Ever since Ronald Coase created the foundations of the New Institutional Economics with his papers on the theory of the firm and social cost, a body of work has developed that has equated economic growth and progress with the creation of "property rights".
Douglass C. North is probably the foremost exponent of the application of the concept in economic history and development.
Many of the economists of the "new right" championed the importance of "property rights", none more so than Milton Friedman in his Capitalism and Freedom, which linked the economic theory of competition/choice to the political idea of freedom.
But the important point to be drawn from the Inquisitional view is that property rights are, in fact, a social construction. This is less easy to see with tangible goods, but even there the "right" to exclusive ownership is a relatively recent creation (England's enclosure happened between 1760 and 1820).
It is more obviously a social construction with respect to intellectual property. The creation of both copyright and patent protection are political acts. The inexact nature of both is legendary, and the facility with which the law has been changed equally so. The infamous "Mickey Mouse" clauses that extend the period for which copyright endures after the creators death are the best example.
This brings us to the extraordinary campaign by Big Tobacco against plain packaging legislation. Firstly there is the ad campaign trying to push the "Nanny State" line. As this ABC news report shows the companies are wise to care - after all the US is now implementing the Australian graphic images approach and the UK is following the take the product off display approach.
But there has also been the big threat of legal action, notably under section 51(xxxi) of the constitution - the infamous "vibe of the thing" clause as celebrated in the movie The Castle.
But now Phillip Morris is evidently going early using a clause in a trade agreement with Hong Kong to argue a case that the proposed law infringes their intellectual property. The reality is these clauses are inserted in trade agreements to protect against software piracy and brand name faking.
But the appeal of their case is that people interpret it as a "battle for commercial freedom". And hence we see the link back to the idea created by Friedman.
So let's get this clear from a theory and policy point of view. Property rights are social constructions. The clear allocation of property rights facilitates trade, markets and economic activity.
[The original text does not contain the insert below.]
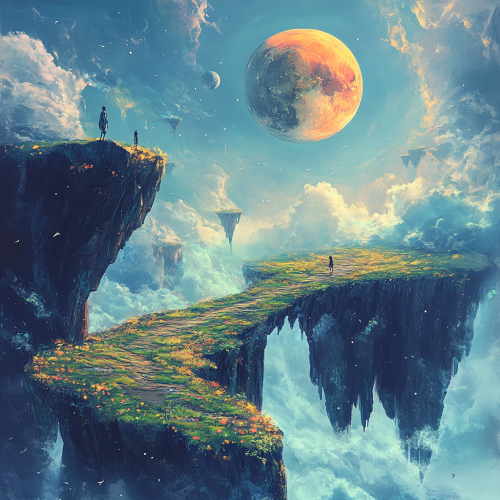 Design an album cover featuring a dreamlike, surreal landscape that stretches infinitely, with whimsical or fantastical elements like floating islands or endless fields. Use imaginative colors and flowing designs to represent the concept of boundless, limitless days.

But clarity of property rights does not equate to a presumption of unrestrained property rights. When you buy land you do so subject to the planning laws about what you can build on it.
Let's imagine the case where the government decided to make tobacco an illegal drug. Would the tobacco companies make the same claim about the infringement of their property rights in the brand.
Let's try something simpler. A drug company invests in the IP of R&D from a drug, they invest in the clinical trials and then they invest in branding it. Let's call the drug Thalidomide. The company then markets the drug only to discover that the drug is directly responsible for birth defects.
The Government bans the drug. Does the drug company have a case for the loss of all that IP?
You may rightly point out that the drug company is at risk from a legal action - I think it is a tort - for the damage the drug caused so it removed the product itself. But that doesn't change the logic.
The property right in a brand is a social construction that it is the gift of the "polity" to restrain, so long as that is an action taken for a public not a commercial purpose.